= SUPPLIED RECORDS =
>>>

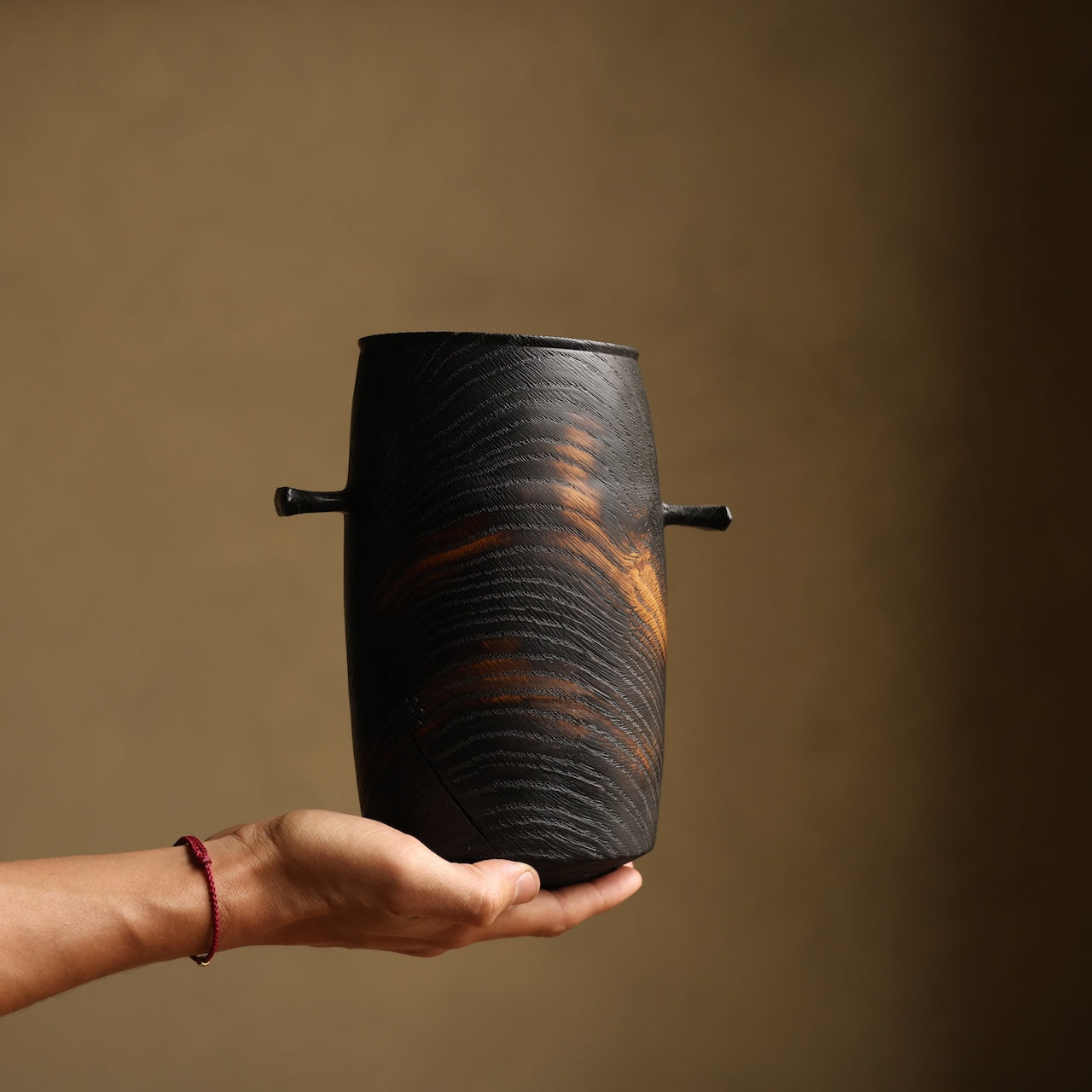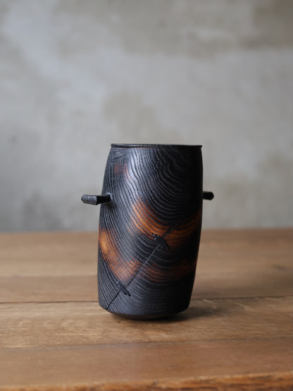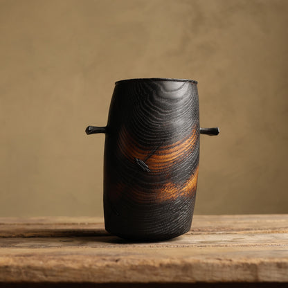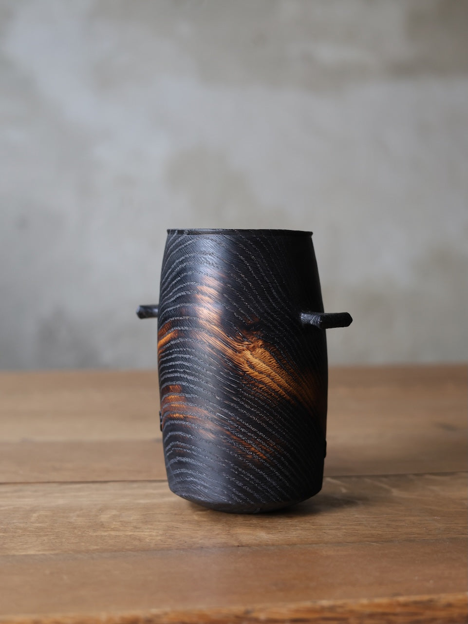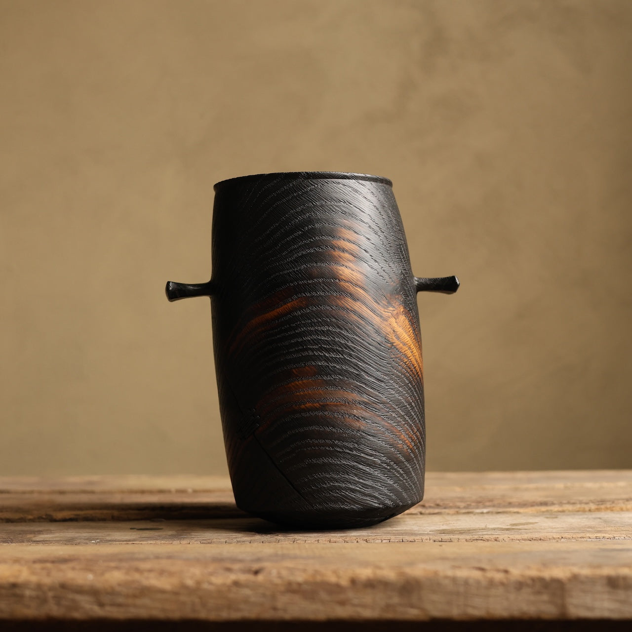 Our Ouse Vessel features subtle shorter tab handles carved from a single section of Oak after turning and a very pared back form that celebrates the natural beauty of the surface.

<<<
>>>

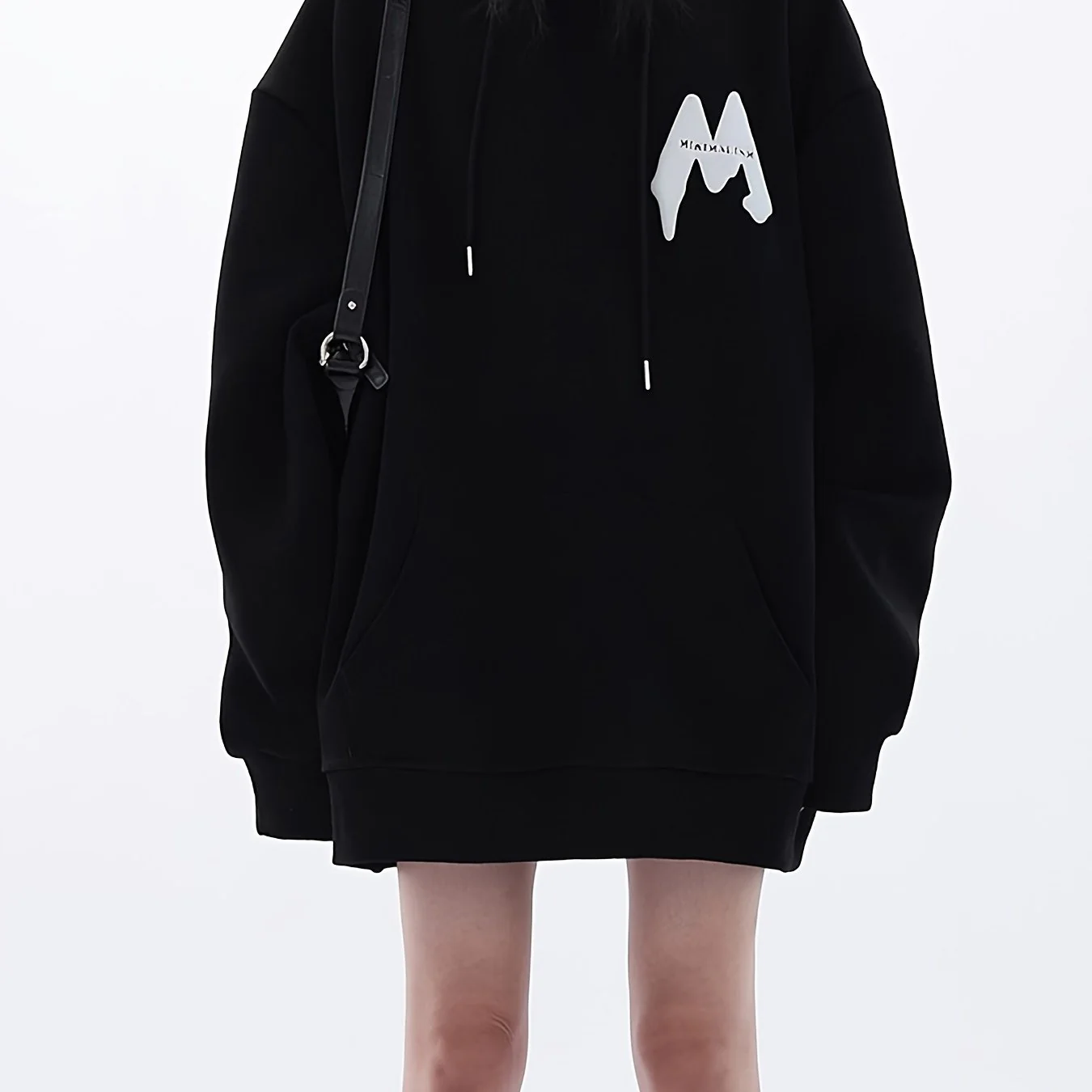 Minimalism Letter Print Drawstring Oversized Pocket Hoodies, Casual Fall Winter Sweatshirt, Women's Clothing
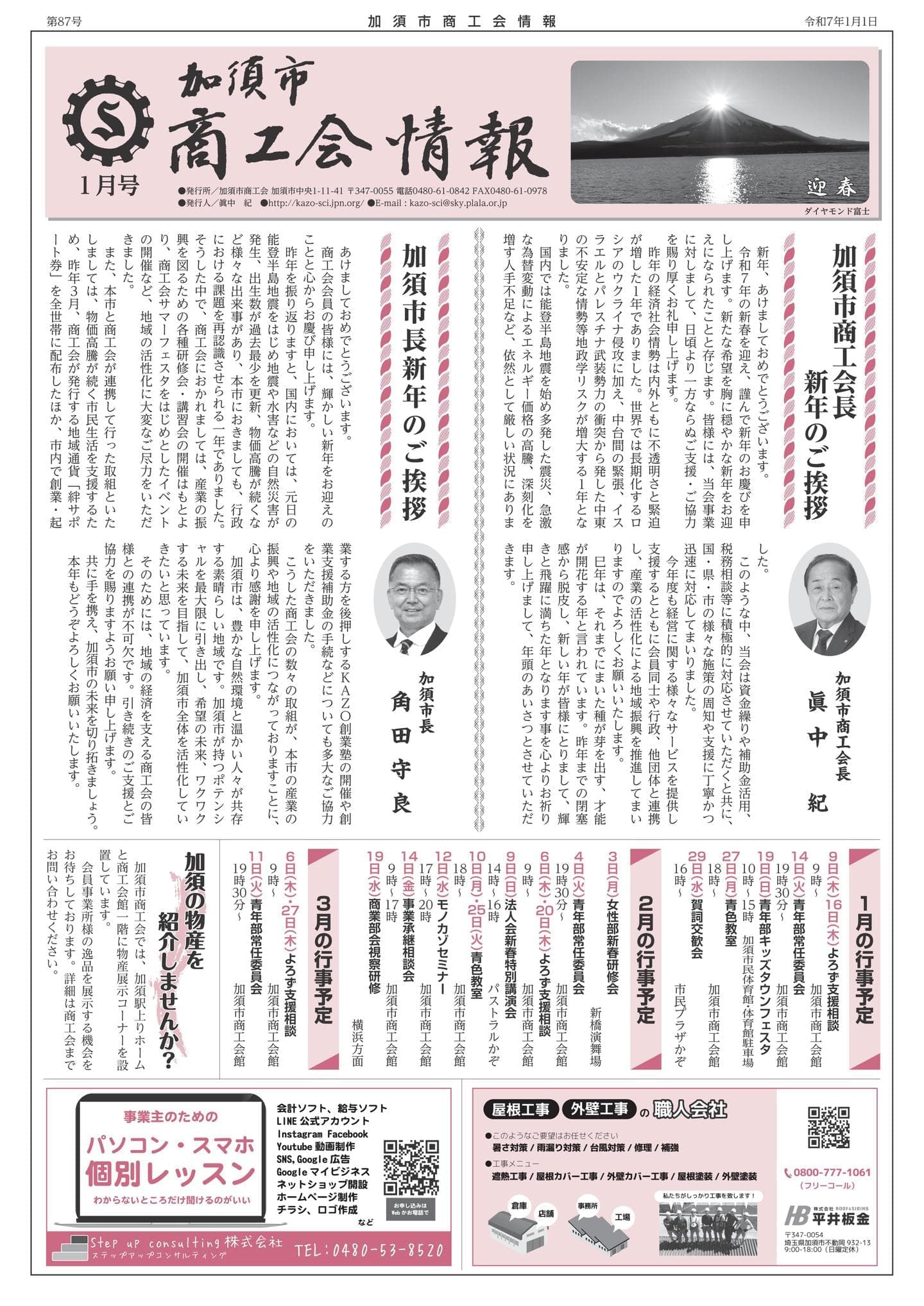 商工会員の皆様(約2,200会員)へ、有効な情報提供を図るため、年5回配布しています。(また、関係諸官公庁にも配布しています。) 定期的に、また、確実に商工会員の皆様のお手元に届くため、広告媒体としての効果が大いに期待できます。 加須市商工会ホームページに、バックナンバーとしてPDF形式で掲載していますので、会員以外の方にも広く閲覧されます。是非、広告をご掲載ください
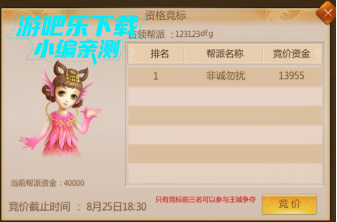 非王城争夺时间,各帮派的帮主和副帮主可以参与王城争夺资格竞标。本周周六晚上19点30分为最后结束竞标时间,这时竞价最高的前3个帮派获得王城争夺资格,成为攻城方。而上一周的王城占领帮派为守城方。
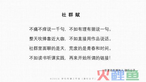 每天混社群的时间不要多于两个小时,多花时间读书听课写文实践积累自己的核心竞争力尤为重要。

<<<

= WHAT TO PRODUCE =
With the pictures omitted, copy exactly the lines of the listing above starting at the line containing "Minimalism Letter Print" and ending at the line containing "每天混社群的时间不要多于两个", both included.

= FINISHED TASK =
 Minimalism Letter Print Drawstring Oversized Pocket Hoodies, Casual Fall Winter Sweatshirt, Women's Clothing
 商工会員の皆様(約2,200会員)へ、有効な情報提供を図るため、年5回配布しています。(また、関係諸官公庁にも配布しています。) 定期的に、また、確実に商工会員の皆様のお手元に届くため、広告媒体としての効果が大いに期待できます。 加須市商工会ホームページに、バックナンバーとしてPDF形式で掲載していますので、会員以外の方にも広く閲覧されます。是非、広告をご掲載ください
 非王城争夺时间,各帮派的帮主和副帮主可以参与王城争夺资格竞标。本周周六晚上19点30分为最后结束竞标时间,这时竞价最高的前3个帮派获得王城争夺资格,成为攻城方。而上一周的王城占领帮派为守城方。
 每天混社群的时间不要多于两个小时,多花时间读书听课写文实践积累自己的核心竞争力尤为重要。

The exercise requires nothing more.